Iia 8Transistor SRAM: NOR operation
The 8T SRAM cell is shown in Fig. 3(a). It consists of the usual 6T cell augmented by additional read port constituted by transistors M1M2. The write operation is similar to the 6T cell, whereas for the read operation, RWL is activated (WWL is low). The RBL is initially precharged and if Q = ‘1’ the RBL discharges otherwise it stays at its initial precharged condition. This decoupled read port for the 8T cell allows to have large voltage swing (almost railtorail) on the RBL during the read operation without any concerns of read disturb failure.

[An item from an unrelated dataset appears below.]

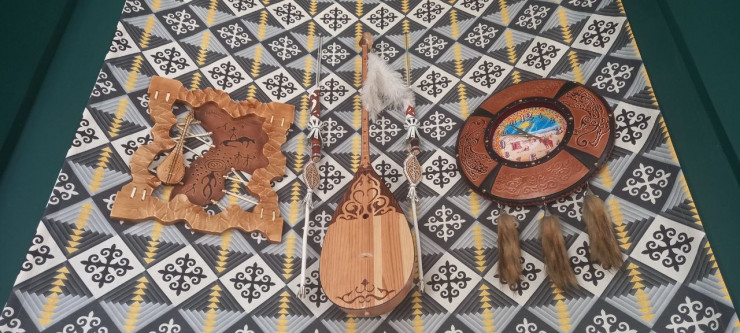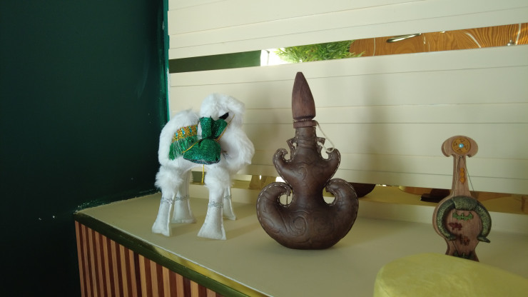 Внутри ресторана все напоминает о том, что ты находишься будто в мини-Казахстане: флаг, национальные музыкальные инструменты, головные уборы и т.д.

The output of a NOR operation is ‘1’ only if both the inputs are ‘0’. For the memory implementation it implies that only if both the bits corresponding to the operands ‘A’ and ‘B’ store ‘0’, the logic output should be ‘1’. In all other cases the output should remain ‘0’. Consider we activate two RWLs corresponding to the rows storing vector operand ‘A’ and vector operand ‘B’, respectively, as shown in Fig. 3(b). Due to the decoupled read ports, both the RWLs can be activated simultaneously without any read disturb concerns as opposed to the 6T cell. The precharged RBL line retains its precharged state if and only if both the bits Q corresponding to operands ‘A’ and ‘B’ are ‘0’. In other words, as shown in Fig. 3(c) RBL remains high only if both the bits corresponding to the operands ‘A’ and ‘B’ are ‘0’ (i.e. Q = ‘0’ for both ‘A’ and ‘B’). Thus, merely by activating the two RWLs, data stored in the two bitcells are ‘wire NORed’. A gated inverter (INV1) is connected to the RBL such that the inverter output goes low if the RBL remains high. Thereby, the output of the cascaded inverter (INV2) is high only if the bits of operands ‘A’ and ‘B’ are low simultaneously, mimicking the NOR operation. Note, the NOR operation is same as the usual read operation except that we have turned ON two RWLs instead of one. Thus, NOR can be easily achieved in the 8T bitcell without any significant overhead. The timing diagram for the NOR operation is shown in Fig. 3(c).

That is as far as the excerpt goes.